#### TASK DESCRIPTION
Go to the line holding "Готовый проект одноэтажной" in the entries below and write out exactly every line down to and including the line holding "Grove would pitch".

*** RECORDS SUPPLIED ***

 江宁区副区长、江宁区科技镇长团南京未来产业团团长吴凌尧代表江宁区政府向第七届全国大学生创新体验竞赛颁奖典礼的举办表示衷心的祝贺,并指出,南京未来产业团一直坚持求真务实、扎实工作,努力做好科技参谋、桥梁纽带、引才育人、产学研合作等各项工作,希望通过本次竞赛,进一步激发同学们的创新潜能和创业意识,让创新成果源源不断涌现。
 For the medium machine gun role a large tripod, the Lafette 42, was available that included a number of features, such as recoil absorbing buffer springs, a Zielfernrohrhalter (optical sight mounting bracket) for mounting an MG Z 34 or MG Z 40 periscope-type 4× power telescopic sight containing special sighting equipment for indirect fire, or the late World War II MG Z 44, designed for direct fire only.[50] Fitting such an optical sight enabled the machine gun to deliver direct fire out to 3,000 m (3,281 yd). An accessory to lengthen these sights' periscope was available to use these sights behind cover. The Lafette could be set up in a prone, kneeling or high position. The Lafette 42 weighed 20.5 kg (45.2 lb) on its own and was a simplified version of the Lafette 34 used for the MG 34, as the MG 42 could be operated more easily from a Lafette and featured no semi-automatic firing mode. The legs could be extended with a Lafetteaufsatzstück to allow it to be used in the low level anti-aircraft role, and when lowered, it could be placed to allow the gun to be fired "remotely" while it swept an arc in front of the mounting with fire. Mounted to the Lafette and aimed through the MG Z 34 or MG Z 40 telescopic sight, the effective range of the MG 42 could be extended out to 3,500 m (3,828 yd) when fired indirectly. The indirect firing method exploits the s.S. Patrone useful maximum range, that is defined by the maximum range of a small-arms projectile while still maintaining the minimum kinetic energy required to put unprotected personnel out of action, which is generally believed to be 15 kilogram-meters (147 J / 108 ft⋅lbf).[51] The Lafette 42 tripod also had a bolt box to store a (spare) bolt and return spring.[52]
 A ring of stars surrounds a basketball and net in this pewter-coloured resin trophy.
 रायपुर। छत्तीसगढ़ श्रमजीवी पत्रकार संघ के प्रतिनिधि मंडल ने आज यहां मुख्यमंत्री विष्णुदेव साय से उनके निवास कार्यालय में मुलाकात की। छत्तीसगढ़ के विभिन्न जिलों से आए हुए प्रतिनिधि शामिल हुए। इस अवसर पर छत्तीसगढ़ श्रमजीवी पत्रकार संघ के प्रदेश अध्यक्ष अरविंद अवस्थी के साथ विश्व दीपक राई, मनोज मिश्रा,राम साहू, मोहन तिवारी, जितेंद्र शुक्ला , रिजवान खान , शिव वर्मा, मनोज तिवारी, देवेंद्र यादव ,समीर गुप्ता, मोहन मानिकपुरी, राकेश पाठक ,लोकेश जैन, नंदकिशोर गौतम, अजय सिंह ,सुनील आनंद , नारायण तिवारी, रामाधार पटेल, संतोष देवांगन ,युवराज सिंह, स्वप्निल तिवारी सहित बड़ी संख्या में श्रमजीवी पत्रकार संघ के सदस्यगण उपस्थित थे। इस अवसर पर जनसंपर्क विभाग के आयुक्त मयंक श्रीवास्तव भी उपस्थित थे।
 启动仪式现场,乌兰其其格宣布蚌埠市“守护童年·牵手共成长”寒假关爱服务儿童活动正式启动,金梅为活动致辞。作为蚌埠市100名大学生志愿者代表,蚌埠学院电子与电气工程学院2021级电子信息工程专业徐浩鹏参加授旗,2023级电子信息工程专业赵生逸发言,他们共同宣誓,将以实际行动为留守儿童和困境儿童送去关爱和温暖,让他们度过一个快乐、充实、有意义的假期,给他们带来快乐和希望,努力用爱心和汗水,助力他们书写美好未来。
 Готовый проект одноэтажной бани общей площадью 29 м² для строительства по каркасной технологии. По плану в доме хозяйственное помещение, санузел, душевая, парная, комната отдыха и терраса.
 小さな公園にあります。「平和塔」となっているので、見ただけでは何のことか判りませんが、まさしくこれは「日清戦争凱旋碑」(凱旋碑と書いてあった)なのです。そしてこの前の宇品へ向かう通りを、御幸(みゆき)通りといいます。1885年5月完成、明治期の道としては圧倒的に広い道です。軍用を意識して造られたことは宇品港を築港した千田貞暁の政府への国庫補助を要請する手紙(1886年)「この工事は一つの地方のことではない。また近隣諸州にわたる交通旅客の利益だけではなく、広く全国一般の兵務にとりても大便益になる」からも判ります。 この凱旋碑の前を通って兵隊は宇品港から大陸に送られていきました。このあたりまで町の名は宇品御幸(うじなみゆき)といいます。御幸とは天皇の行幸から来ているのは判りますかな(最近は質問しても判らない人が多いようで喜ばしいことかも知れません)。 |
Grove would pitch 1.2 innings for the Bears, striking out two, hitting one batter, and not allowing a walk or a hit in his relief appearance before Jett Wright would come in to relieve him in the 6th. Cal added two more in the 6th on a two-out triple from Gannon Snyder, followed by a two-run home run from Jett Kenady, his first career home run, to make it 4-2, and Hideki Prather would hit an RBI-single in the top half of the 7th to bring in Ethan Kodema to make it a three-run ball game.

*** End of RECORDS SUPPLIED ***
*** RECORDS SUPPLIED ***

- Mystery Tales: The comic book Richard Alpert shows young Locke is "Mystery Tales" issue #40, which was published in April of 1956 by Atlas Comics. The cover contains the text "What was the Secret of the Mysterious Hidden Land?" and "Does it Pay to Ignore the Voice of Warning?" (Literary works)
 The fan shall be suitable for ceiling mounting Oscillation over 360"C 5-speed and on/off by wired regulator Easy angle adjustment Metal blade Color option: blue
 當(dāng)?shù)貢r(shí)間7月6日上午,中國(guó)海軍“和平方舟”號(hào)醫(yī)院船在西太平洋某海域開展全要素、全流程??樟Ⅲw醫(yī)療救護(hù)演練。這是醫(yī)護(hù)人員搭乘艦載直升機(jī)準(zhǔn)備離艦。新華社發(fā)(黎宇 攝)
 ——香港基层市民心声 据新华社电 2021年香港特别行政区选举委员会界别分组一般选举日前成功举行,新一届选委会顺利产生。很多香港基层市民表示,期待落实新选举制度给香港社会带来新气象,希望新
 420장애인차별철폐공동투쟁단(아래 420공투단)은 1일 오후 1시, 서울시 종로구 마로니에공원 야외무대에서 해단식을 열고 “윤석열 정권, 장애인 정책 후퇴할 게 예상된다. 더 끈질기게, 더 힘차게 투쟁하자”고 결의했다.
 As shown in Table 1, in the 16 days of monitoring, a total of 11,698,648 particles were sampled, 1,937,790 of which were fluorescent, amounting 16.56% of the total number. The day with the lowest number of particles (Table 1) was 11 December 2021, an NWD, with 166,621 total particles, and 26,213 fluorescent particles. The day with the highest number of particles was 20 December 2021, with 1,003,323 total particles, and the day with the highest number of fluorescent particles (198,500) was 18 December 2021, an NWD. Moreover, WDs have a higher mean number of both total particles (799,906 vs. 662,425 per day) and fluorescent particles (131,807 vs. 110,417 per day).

*** End of RECORDS SUPPLIED ***

#### TASK RESULT
 Готовый проект одноэтажной бани общей площадью 29 м² для строительства по каркасной технологии. По плану в доме хозяйственное помещение, санузел, душевая, парная, комната отдыха и терраса.
 小さな公園にあります。「平和塔」となっているので、見ただけでは何のことか判りませんが、まさしくこれは「日清戦争凱旋碑」(凱旋碑と書いてあった)なのです。そしてこの前の宇品へ向かう通りを、御幸(みゆき)通りといいます。1885年5月完成、明治期の道としては圧倒的に広い道です。軍用を意識して造られたことは宇品港を築港した千田貞暁の政府への国庫補助を要請する手紙(1886年)「この工事は一つの地方のことではない。また近隣諸州にわたる交通旅客の利益だけではなく、広く全国一般の兵務にとりても大便益になる」からも判ります。 この凱旋碑の前を通って兵隊は宇品港から大陸に送られていきました。このあたりまで町の名は宇品御幸(うじなみゆき)といいます。御幸とは天皇の行幸から来ているのは判りますかな(最近は質問しても判らない人が多いようで喜ばしいことかも知れません)。 |
Grove would pitch 1.2 innings for the Bears, striking out two, hitting one batter, and not allowing a walk or a hit in his relief appearance before Jett Wright would come in to relieve him in the 6th. Cal added two more in the 6th on a two-out triple from Gannon Snyder, followed by a two-run home run from Jett Kenady, his first career home run, to make it 4-2, and Hideki Prather would hit an RBI-single in the top half of the 7th to bring in Ethan Kodema to make it a three-run ball game.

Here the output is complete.